** Opening TASK INPUTS block **

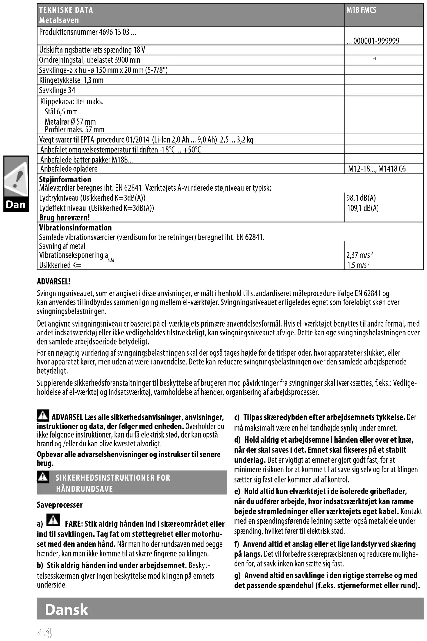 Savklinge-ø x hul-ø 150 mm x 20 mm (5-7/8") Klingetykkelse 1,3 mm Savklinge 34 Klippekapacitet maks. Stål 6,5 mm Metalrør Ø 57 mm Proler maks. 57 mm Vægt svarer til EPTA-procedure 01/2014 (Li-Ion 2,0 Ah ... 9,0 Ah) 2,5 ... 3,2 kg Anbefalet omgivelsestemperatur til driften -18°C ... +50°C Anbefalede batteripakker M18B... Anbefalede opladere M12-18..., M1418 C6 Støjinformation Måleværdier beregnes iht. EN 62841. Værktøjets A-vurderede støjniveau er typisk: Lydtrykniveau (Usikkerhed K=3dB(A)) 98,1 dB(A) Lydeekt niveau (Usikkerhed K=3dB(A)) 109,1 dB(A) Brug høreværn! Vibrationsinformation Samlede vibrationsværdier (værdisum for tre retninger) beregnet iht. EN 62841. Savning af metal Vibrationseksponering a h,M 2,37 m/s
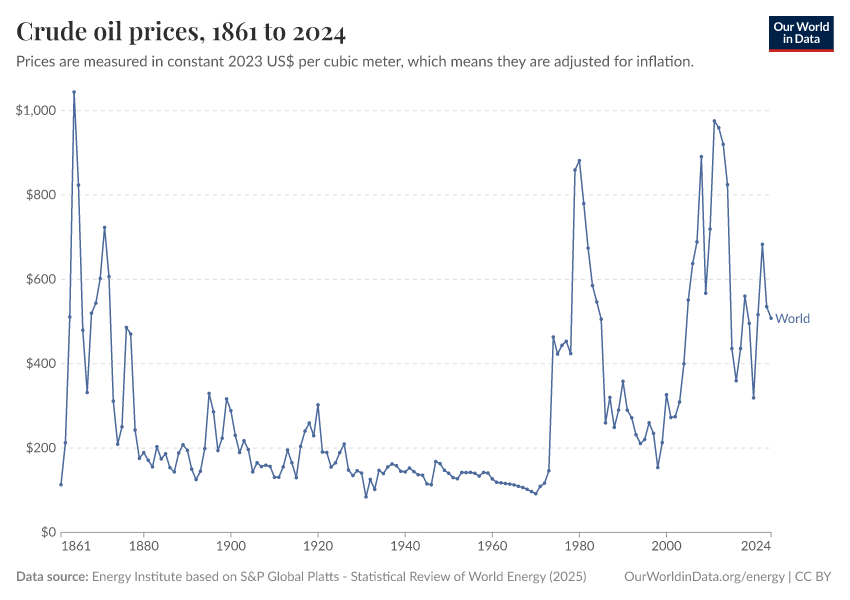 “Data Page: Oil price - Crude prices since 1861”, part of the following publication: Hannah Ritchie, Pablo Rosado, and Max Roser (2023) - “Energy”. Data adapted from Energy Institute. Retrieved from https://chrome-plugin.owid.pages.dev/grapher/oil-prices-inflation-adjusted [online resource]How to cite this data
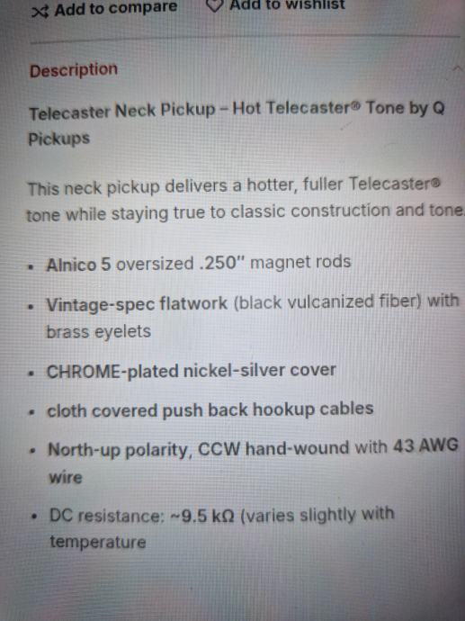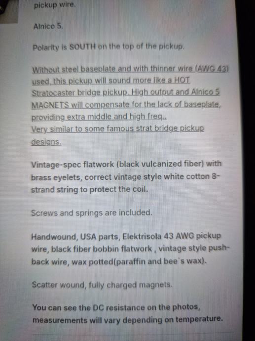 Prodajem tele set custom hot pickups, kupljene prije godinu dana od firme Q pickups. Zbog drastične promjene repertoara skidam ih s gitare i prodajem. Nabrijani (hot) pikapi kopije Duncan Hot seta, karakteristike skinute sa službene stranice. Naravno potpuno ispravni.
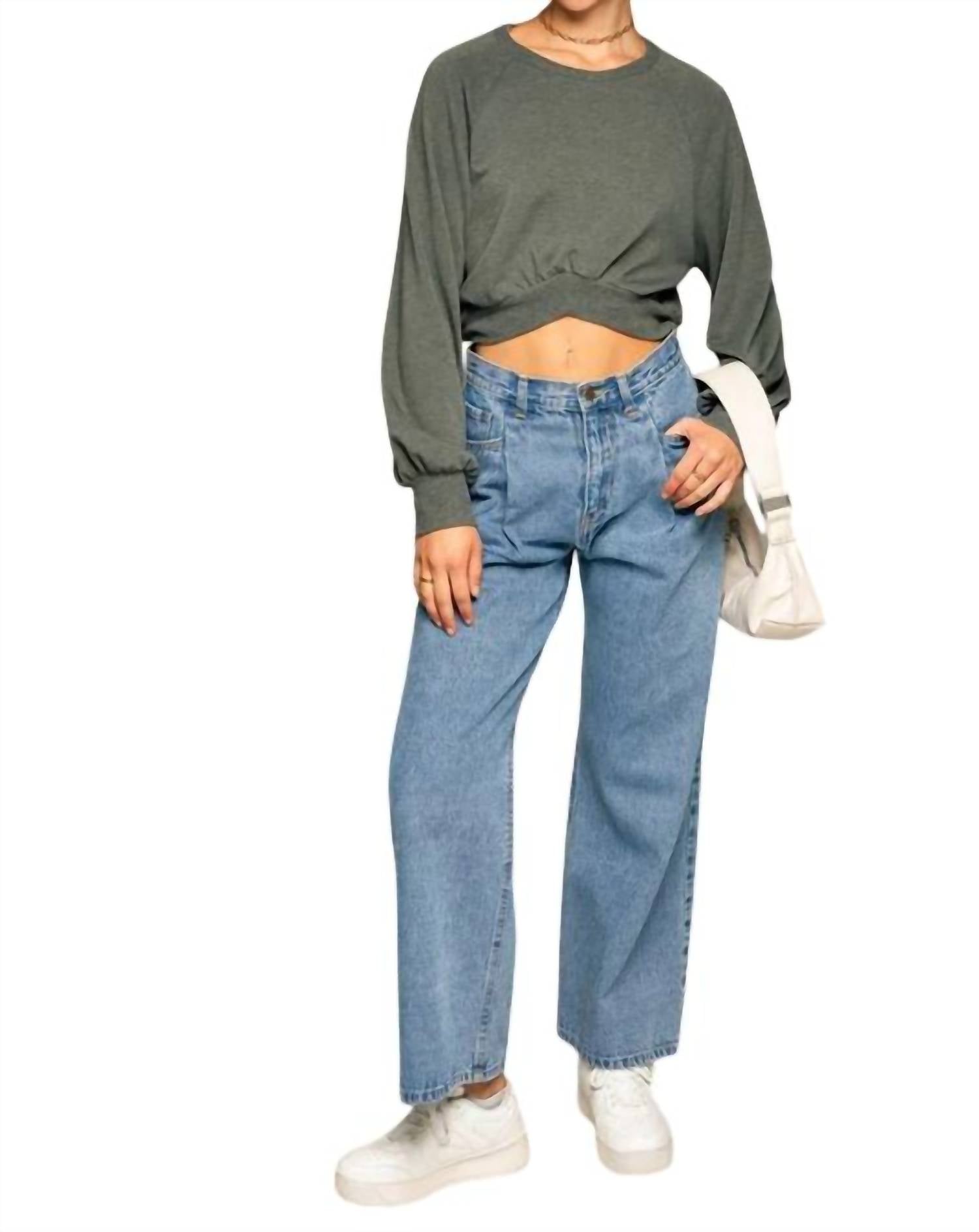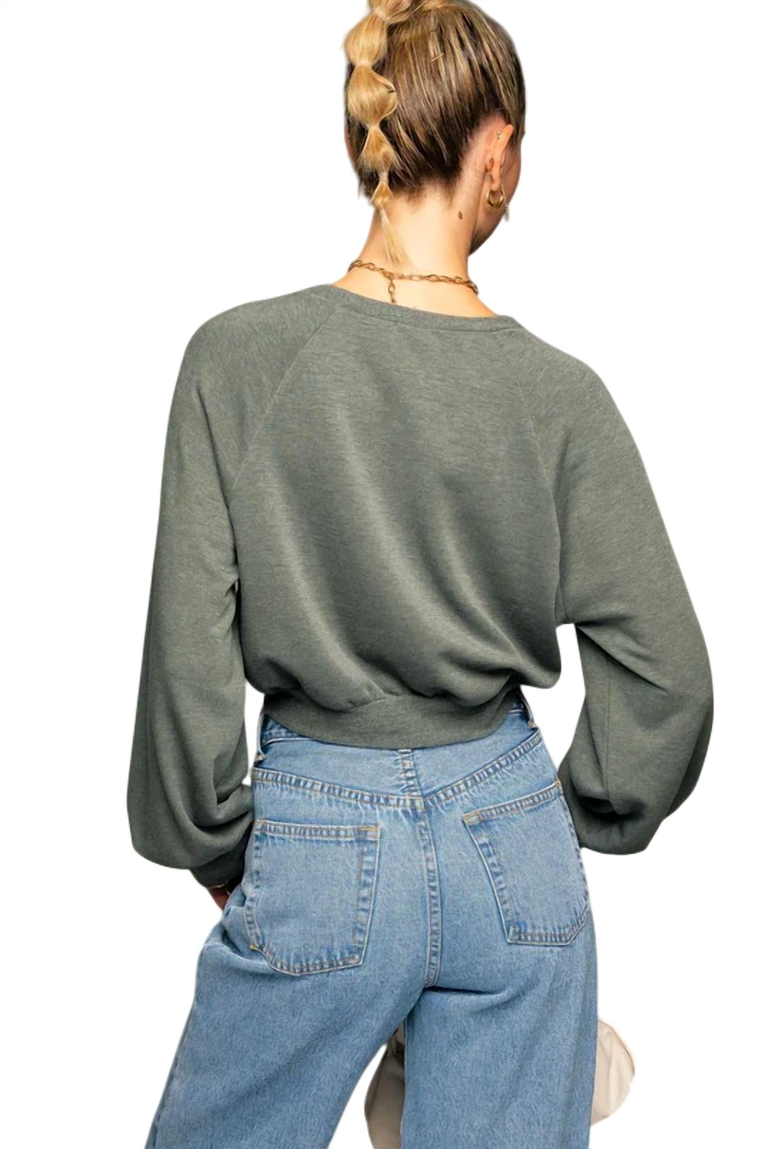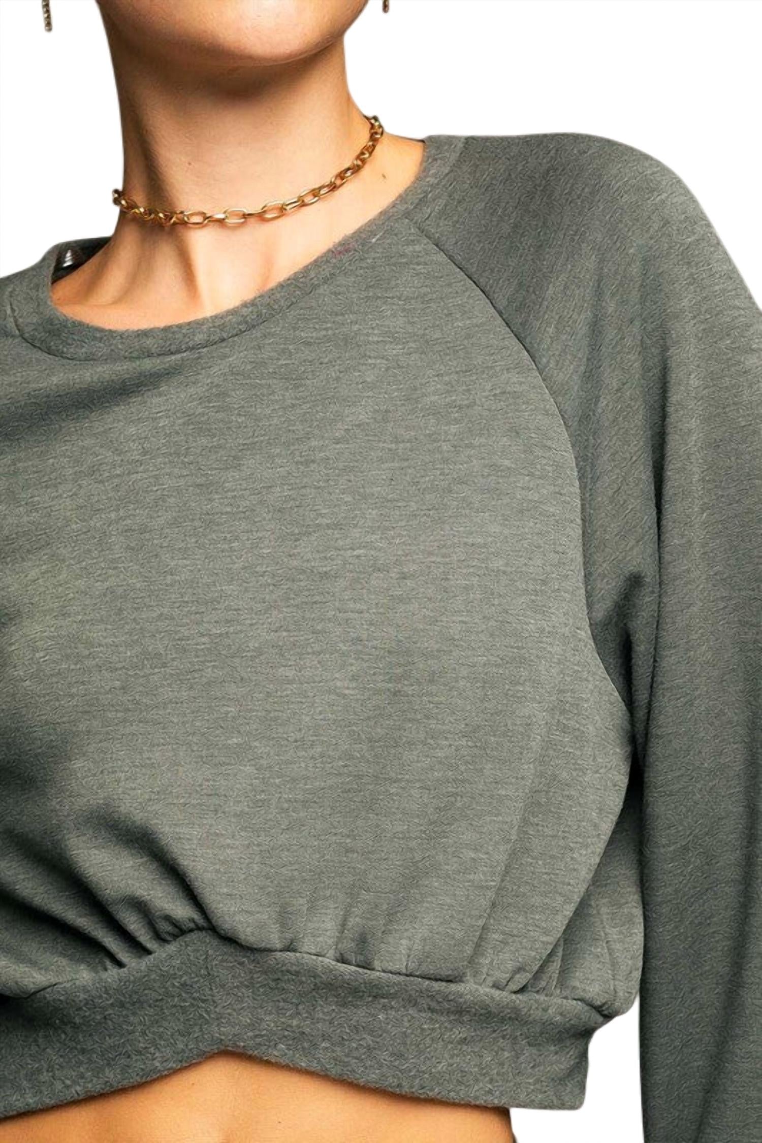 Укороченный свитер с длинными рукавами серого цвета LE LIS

** Closing TASK INPUTS block **
** Opening TASK INPUTS block **

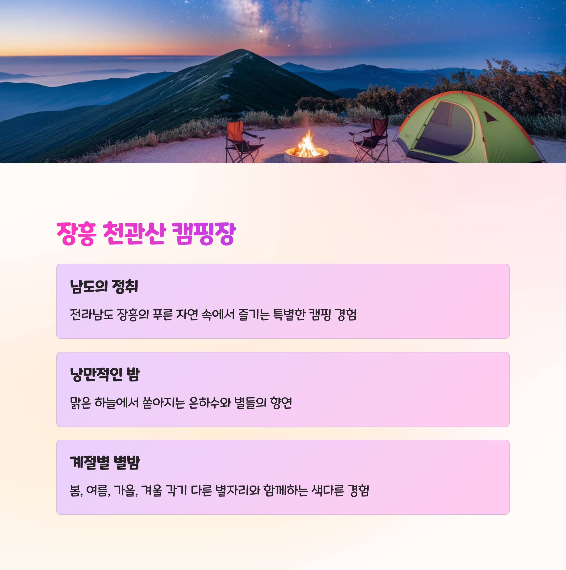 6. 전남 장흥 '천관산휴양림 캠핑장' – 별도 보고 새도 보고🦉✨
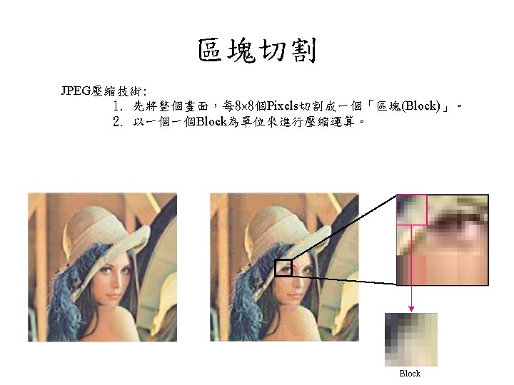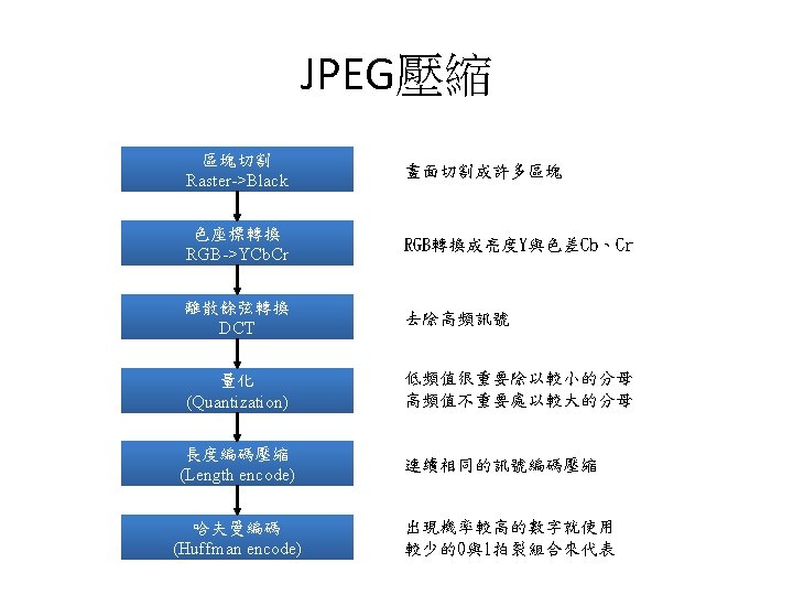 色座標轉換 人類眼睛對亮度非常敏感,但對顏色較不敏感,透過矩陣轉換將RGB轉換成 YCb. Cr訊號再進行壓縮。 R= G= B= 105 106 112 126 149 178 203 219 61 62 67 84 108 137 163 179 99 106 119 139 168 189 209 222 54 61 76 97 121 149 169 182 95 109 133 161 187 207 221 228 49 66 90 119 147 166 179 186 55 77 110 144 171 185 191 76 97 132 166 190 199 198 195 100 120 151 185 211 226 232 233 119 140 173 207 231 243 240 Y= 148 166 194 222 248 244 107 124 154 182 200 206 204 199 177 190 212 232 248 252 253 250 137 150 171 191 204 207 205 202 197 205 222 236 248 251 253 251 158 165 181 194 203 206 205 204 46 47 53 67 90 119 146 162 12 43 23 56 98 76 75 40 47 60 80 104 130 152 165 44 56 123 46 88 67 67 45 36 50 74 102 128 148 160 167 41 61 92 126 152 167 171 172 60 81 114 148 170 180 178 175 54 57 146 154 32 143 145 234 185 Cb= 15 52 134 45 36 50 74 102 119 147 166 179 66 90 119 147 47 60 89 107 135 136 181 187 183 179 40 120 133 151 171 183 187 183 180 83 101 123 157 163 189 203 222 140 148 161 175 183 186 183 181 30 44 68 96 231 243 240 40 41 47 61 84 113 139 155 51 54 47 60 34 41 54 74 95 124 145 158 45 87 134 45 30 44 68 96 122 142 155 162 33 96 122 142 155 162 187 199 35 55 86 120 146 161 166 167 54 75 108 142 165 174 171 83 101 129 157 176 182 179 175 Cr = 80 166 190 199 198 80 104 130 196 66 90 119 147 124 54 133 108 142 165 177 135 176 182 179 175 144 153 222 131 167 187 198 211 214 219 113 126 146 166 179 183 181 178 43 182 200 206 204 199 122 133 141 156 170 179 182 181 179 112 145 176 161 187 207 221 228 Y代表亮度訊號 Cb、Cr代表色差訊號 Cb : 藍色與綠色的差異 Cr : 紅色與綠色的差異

** Closing TASK INPUTS block **
** Opening TASK INPUTS block **

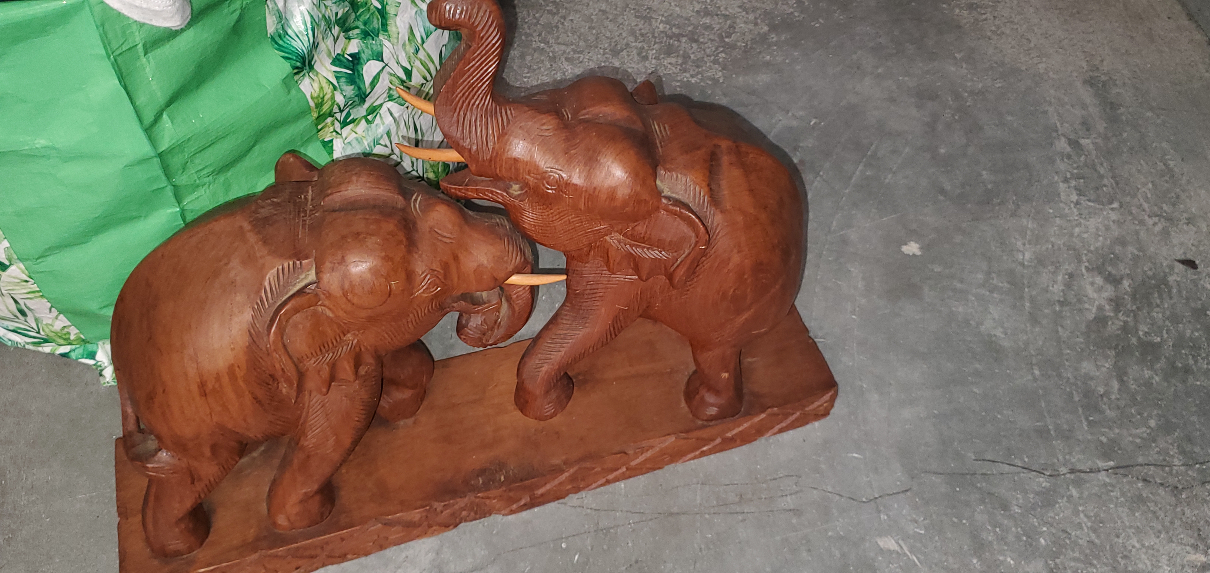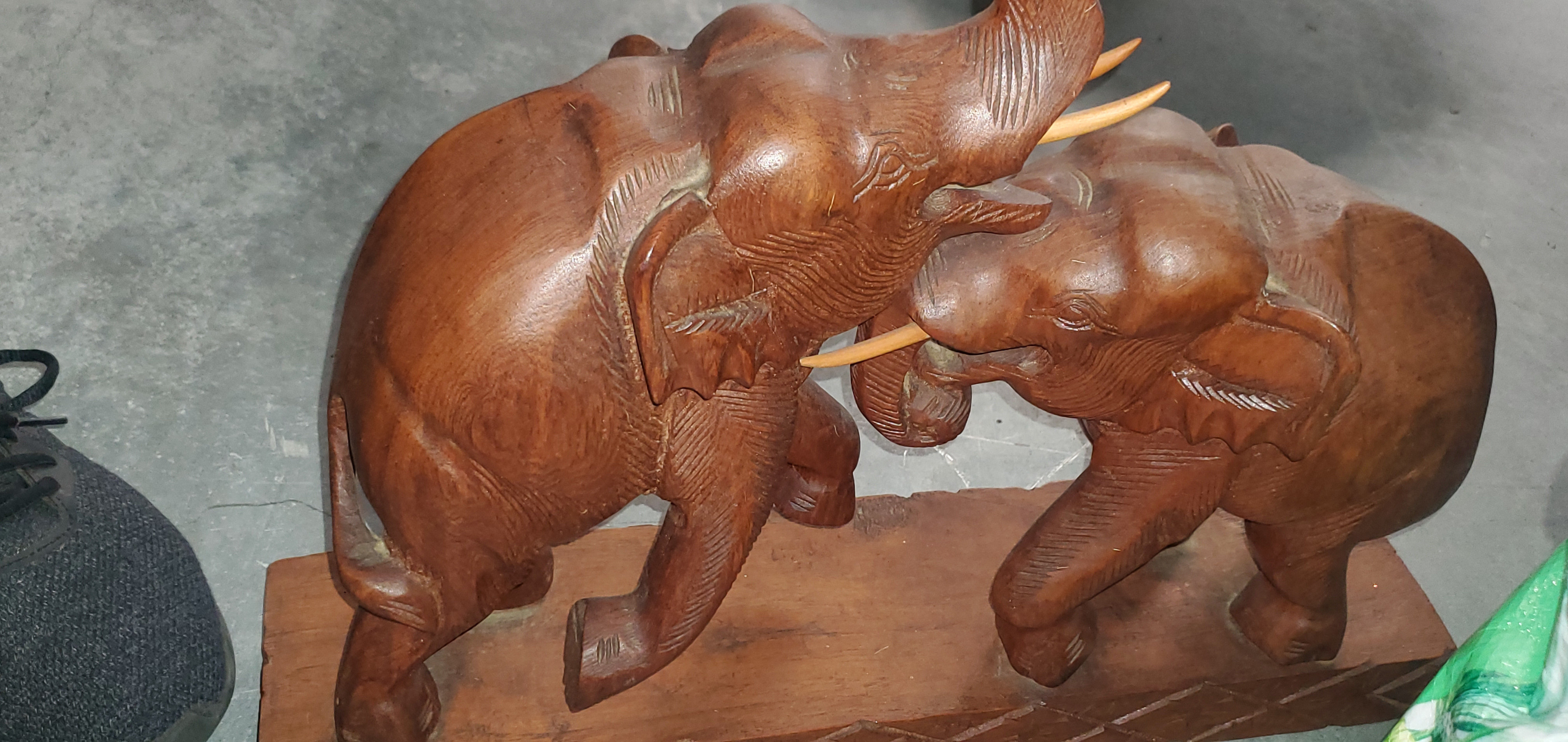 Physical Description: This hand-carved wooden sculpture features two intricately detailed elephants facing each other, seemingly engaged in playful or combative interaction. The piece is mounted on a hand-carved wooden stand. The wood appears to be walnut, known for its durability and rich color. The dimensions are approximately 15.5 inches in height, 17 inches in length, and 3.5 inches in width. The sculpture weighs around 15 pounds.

** Closing TASK INPUTS block **

TASK DETAILS: Leaving out the pictures, please output the lines in the entries above from the one with "Savklinge-ø x hul-ø" through the one with "cite this data", exactly as they are.

SOLVED PROBLEM:
 Savklinge-ø x hul-ø 150 mm x 20 mm (5-7/8") Klingetykkelse 1,3 mm Savklinge 34 Klippekapacitet maks. Stål 6,5 mm Metalrør Ø 57 mm Proler maks. 57 mm Vægt svarer til EPTA-procedure 01/2014 (Li-Ion 2,0 Ah ... 9,0 Ah) 2,5 ... 3,2 kg Anbefalet omgivelsestemperatur til driften -18°C ... +50°C Anbefalede batteripakker M18B... Anbefalede opladere M12-18..., M1418 C6 Støjinformation Måleværdier beregnes iht. EN 62841. Værktøjets A-vurderede støjniveau er typisk: Lydtrykniveau (Usikkerhed K=3dB(A)) 98,1 dB(A) Lydeekt niveau (Usikkerhed K=3dB(A)) 109,1 dB(A) Brug høreværn! Vibrationsinformation Samlede vibrationsværdier (værdisum for tre retninger) beregnet iht. EN 62841. Savning af metal Vibrationseksponering a h,M 2,37 m/s
 “Data Page: Oil price - Crude prices since 1861”, part of the following publication: Hannah Ritchie, Pablo Rosado, and Max Roser (2023) - “Energy”. Data adapted from Energy Institute. Retrieved from https://chrome-plugin.owid.pages.dev/grapher/oil-prices-inflation-adjusted [online resource]How to cite this data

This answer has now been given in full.